I felt my face flush, and now it was the grip of guilt that kept me there as he went on.

“I had been tortured by the Derg — that’s how I got to know it. Some of the students avoided school back then to reduce the risk of being arrested and just stayed home. But I was poor. I went to school every day, whether there was a demonstration or the threat of arrest or nothing at all because we got free lunch at the university, and if I didn’t go, I didn’t eat all day. It was a simple fact of life. So I went to school every day and was arrested, and who knows why back then. Maybe I had a friend or associate who was suspicious, or maybe my hair was too long or too short, or my fingernails were too clean or too dirty. Maybe it was on account of my nice new shoes — who knows? But when the Derg interrogated me, lashing my feet, asking me to name names to get myself free, I gave them Marta’s name. She was wealthy, had power, and I thought she could escape, that she’d have a better chance of surviving it than I would. And it’s not that I hated her, but she’d stung me. Marta had stung me. Those subtle stings to pride — they’re worse than the big ego blows because they’re not like some obvious pebble you can remove from your shoe. They are like shards that you know are there but can’t find and can’t get rid of. Oh, Marta, I wish she’d never made fun of my shoes.”

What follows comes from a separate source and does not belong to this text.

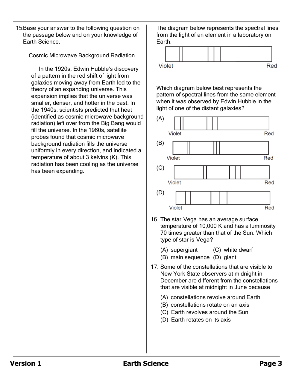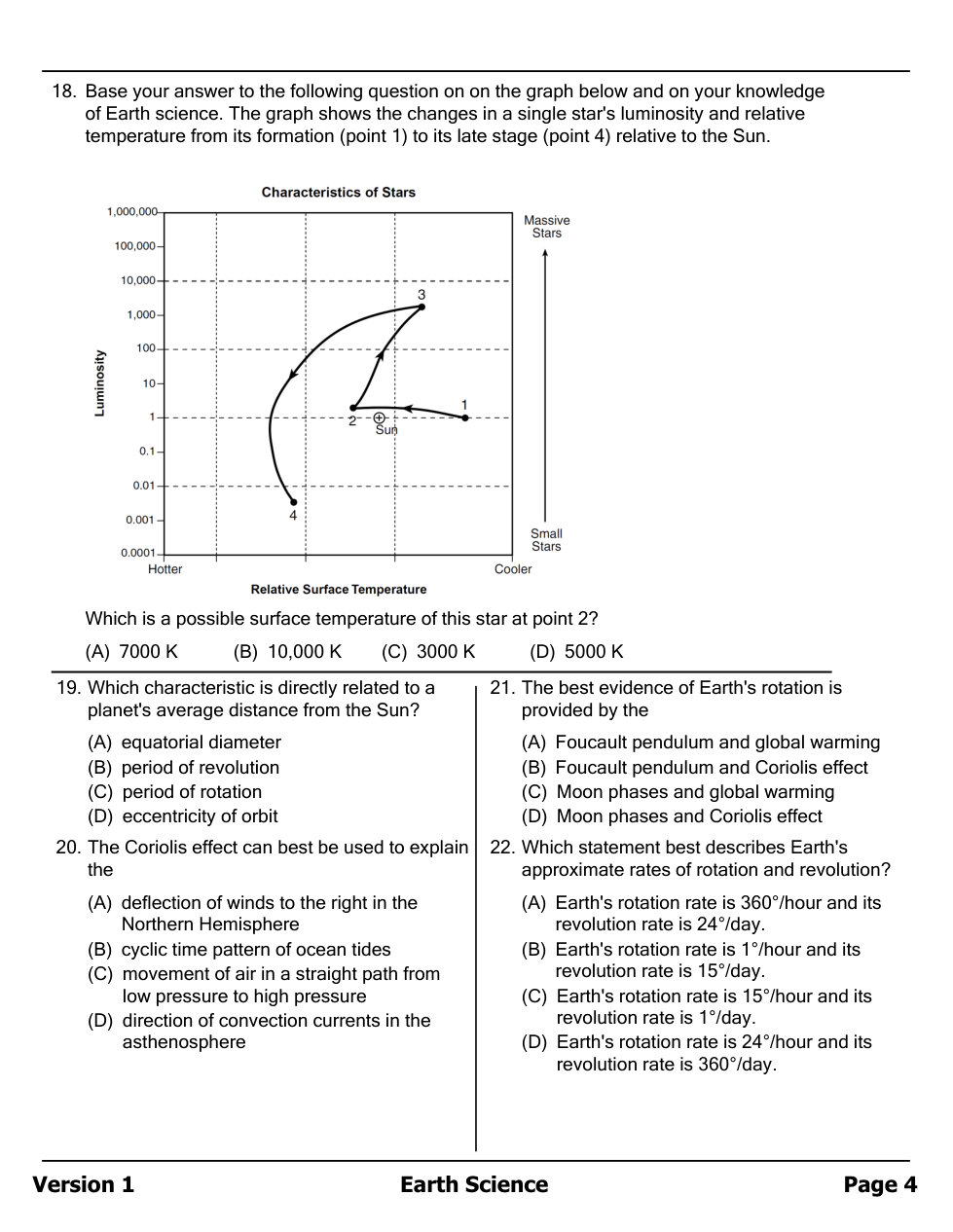 Question 18: Base your answer to the following question on the graph below and on your knowledge of Earth science. The graph shows the changes in a single star's luminosity and relative temperature from its formation (point 1) to its late stage (point 4) relative to the Sun.
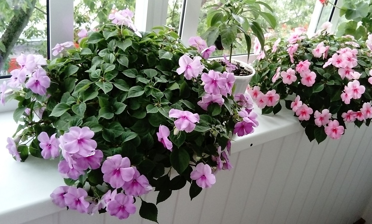 Bálsamo. Os arbustos de 20 a 30 centímetros de altura são decorados com grandes flores de cor branca, rosa ou vermelha. Essas plantas crescem melhor em sombra parcial.Para que se desenvolvam normalmente, eles precisam ser regados abundantemente a cada poucos dias. Sem isso, eles desaparecem rapidamente.

“So did Marta accept your dinner invitation during the thunderstorm?” I asked, trying to keep him awake since I saw his eyelids beginning to droop.

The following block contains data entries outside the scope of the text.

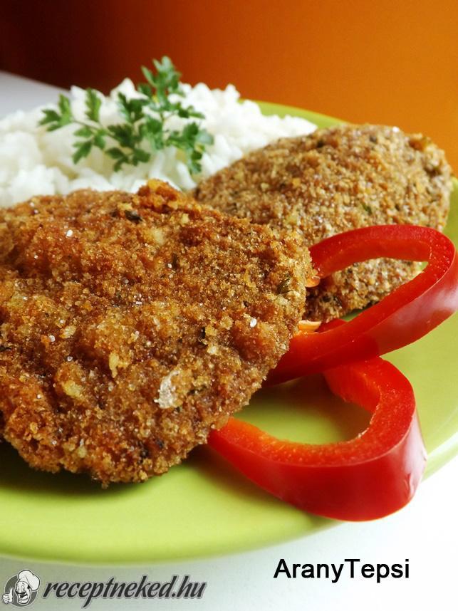 A májat a szokásos módon bepanírozzuk (liszt, tojás, fűszeres morzsa), majd közepes lángon, a forró olajban szép pirosra sütjük pár perc alatt. Amint kivettük az olajból, megszórjuk sóval.
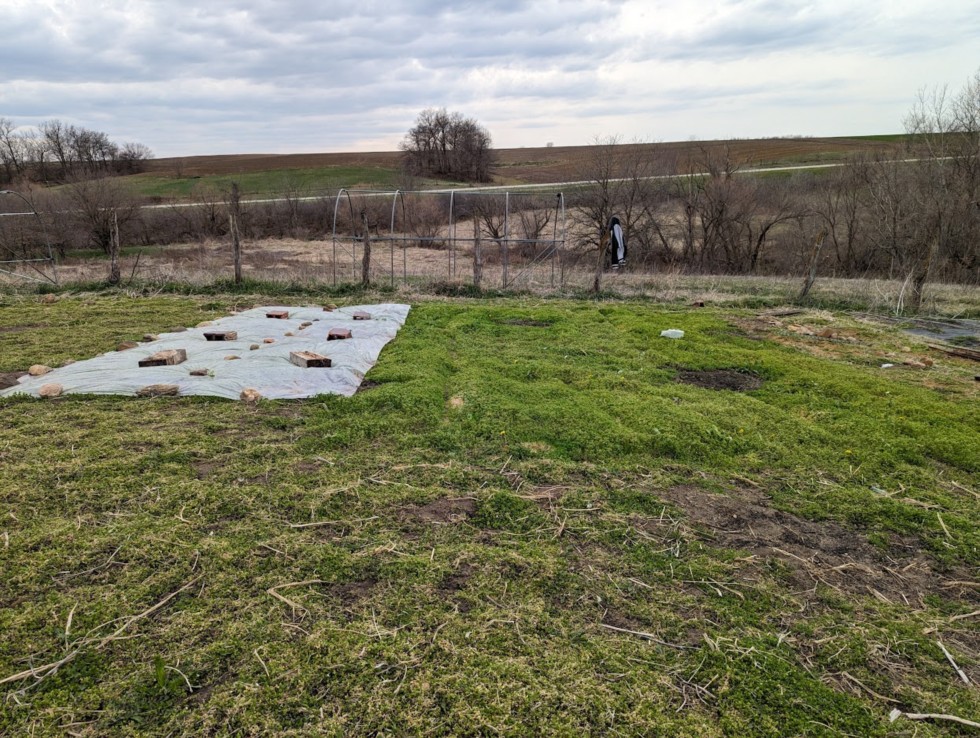 Time to get the fair pumpkin plot ready. Can see the difference here in weed development between those covered with plastic and those that were uncovered.
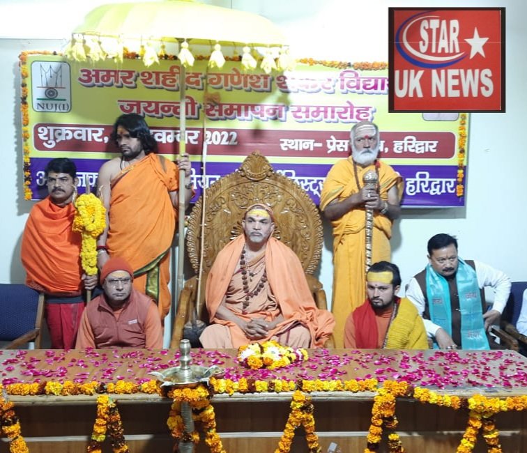 हरिद्वार। देश में पत्रकारों की सबसे बड़ी संस्था नेशनल यूनियन ऑफ जर्नलिस्ट्स इंडिया उत्तराखंड इकाई हरिद्वार के तत्वावधान में अमर शहीद, मुर्धन्य पत्रकार, महान स्वतंत्रता सेनानी, एनयूजे, आई के आदर्श गणेश शंकर विद्यार्थी की 132 वीं जयंती समारोह धूमधाम से मनाया जा रहा है।

“Well, I kept asking her to dinner, but she didn’t say anything. I stood there waiting for another bolt of lightning, and when it came, I saw her far down the street talking to someone, but I didn’t know who. The dark, the rain — everything was obscured. I approached her cautiously, ducking behind a tree, waiting for the right moment when I could finally go up to her and try to speak again. After another strike of lightning, she was alone at the minibus stop where I’d just come from. I walked over and stood next to her tall, illuminated figure. I just stared, hoping she would recognize me and start up a conversation. She eventually turned toward me, even smiled, and said, ‘Good evening.’ She offered to share her umbrella, so I shifted closer to her. But she didn’t seem to know who I was.”

“You said you last saw her in 1980? That’s a long time ago,” I said.

“Not long enough to forget a friend.” The way Gedeyon twisted his lips with spite made me think this was a man of impossible expectations. “She should have remembered,” he said. “The thing is, she has always been on my mind. I wrapped all this guilt up around Marta, all this significance and longing; so much so that I could recognize her anywhere, even in the middle of a blackout with just a flash of lighting to reveal her face. It never occurred to me that her feelings wouldn’t mirror mine, at least a little.”